In this answer, we want to elaborate the answer from 2010 on the CS Theory site.

If $0<\epsilon<1$ is a constant (or $1/polylog(n)$), and you are promised that at least $\epsilon2^n$ of all possible assignments are satisfying the input 3CNFs, then you can find such an assignment in deterministic polynomial-time.

We interpret $n$ as $k$ since it is standard, 3CNFs as k-CNFs since it is relevant to the time complexity as the number of literals increases, $1/polylog(k)$ as $1/k$ since it is actually $1/polylog(2^k) = 1/k$. In our case $\epsilon = 0.01 = 1\%$ and $k = 3$, we are promised that at least $0.01 \times2^k$ of all possible assignments are satisfying the CNF, and we want to prove we can find such an assignment in deterministic polytime.

The algorithms is not difficult:

The noun is meant to be singular instead of plural.

Claim: Under the promise stated, there must exist a constant size set $S$ of variables that hits all clauses in the 3CNF, in the sense that every 3-clause must contain a variable from $S$.

The set $S$ contains the literals that hit all disjunctive clauses (first sentence of the refresher) in the CNF. For example, $S = \{B, \neg C\}$ means $B = true$ and $C = false$, hitting $(A \lor B \lor C)$, $(A \lor B \lor \neg C)$, $(A \lor \neg B \lor \neg C)$, $(\neg A \lor B \lor C)$, $(\neg A \lor B \lor \neg C)$, and $(\neg A \lor \neg B \lor \neg C)$, but not hitting $(A \lor \neg B \lor C)$ and $(\neg A \lor \neg B \lor C)$. The claim here is that the smallest size of $S$ is constant (only inversely proportional to $\epsilon$) instead of non-constant (proportional to $k$).

Proof of claim (sketch): Otherwise, there must exist a large enough family of 3-clauses from the 3CNF, in which each variable occurs only once. But this family, when sufficiently large, has already less than $\epsilon$ fraction of satisfying assignments. QED

This is a proof by contradiction. We know the size of $S$ is at least constant and at most linear, since there are only $k$ literals.
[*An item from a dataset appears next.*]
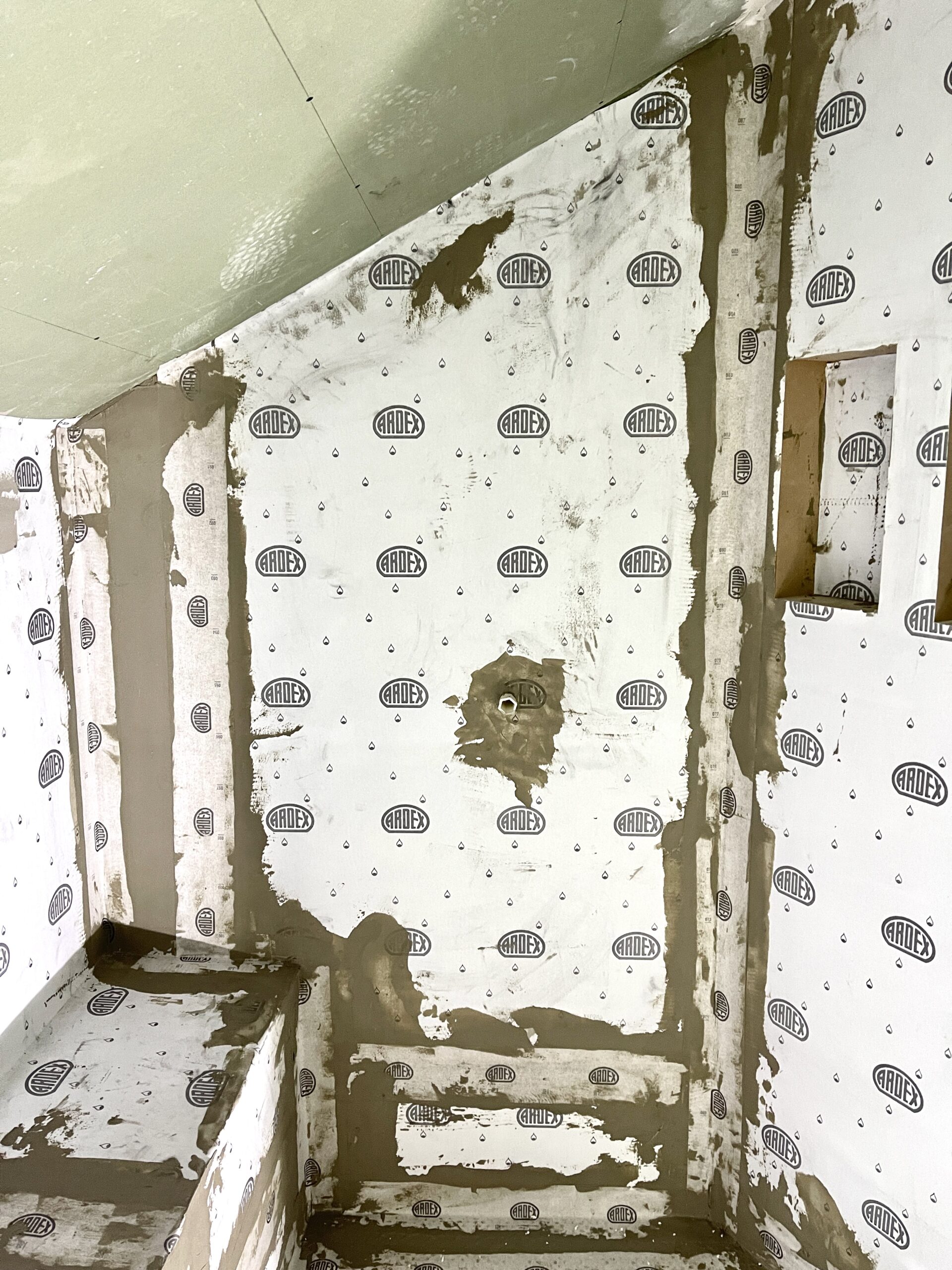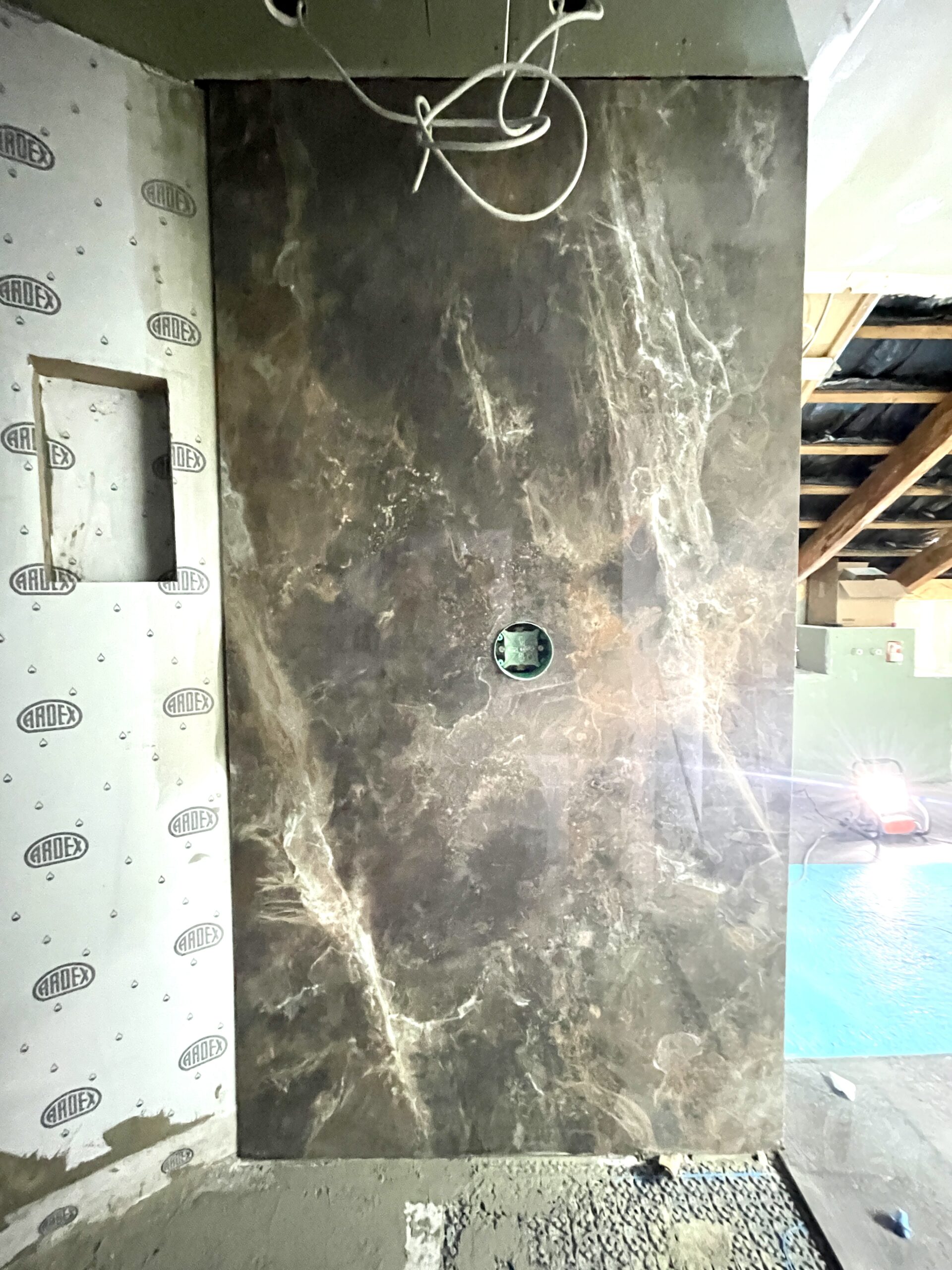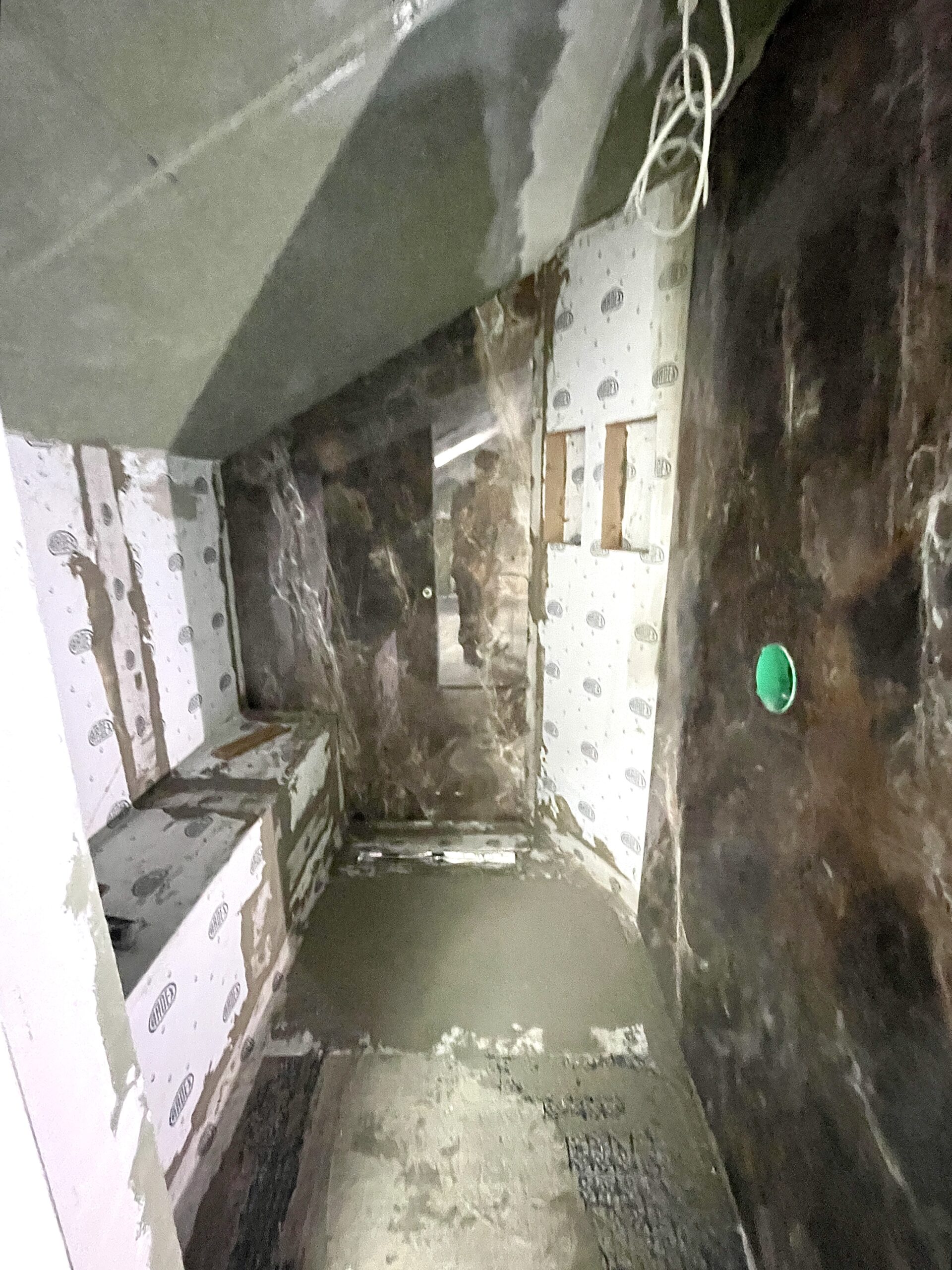 Damit ein Bad in XXL-Optik erstrahlen kann, braucht es höhere Ansprüche an den Untergrund. Schließlich möchten wir langlebige und mangelfreie Arbeiten abliefern. Nicht jeder Untergrund eignet sich somit für alle Fliesenformate. Der Untergrund sollte besonders eben sein und keine Hohllagen oder Kantenversatz aufweisen. Ebenfalls muss er ausreichend tragfähig und stabil sein, denn große Fliesen haben ordentlich Gewicht. Ist dies von der Bausubstanz her nicht gegeben, müssen wir nacharbeiten.

We know the number of clauses in the CNF is linear (last sentence of the refresher). If the smallest size of $S$ is nonconstant, its fixed assignments will only hit the clauses in the CNF a sublinear number of times statistically (side note: constant smallest size -> linear number of times), but this means the number of satisfying assignments is also sublinear, contradicting the promise that it is linear. Therefore, the smallest size of $S$ is constant.

Thus, you can run over all possible (constant number) of assignments to $S$. Under every fixed assignment to $S$, the 3CNF becomes a 2CNF, by the assumption that $S$ hits the original 3CNF. Now, you can use the known polytime deterministic algorithm for finding a satisfying assignment for 2CNF formulas. Overall, you get a polynomial time upper bound.

We can reduce 3CNF to 2CNF according to the laws of Boolean algebra (Wikipedia) after choosing a fixed assignment from $S$. We observe that "false or" can be reduced through removal, as well as "true and". We also observe that "true or" is immediately true, and "false and" is immediately false. The polytime algorithm for 2CNF is linear (Wikipedia).

Here's a distributive law example $A \lor (B \land C)$, we will work with its CNF form.

We know $S = \{A\}$ works, as well as $S = \{B, C\}$. Let's choose a fixed assignment $B$ from $S = \{B, C\}$ and reduce the 3CNF.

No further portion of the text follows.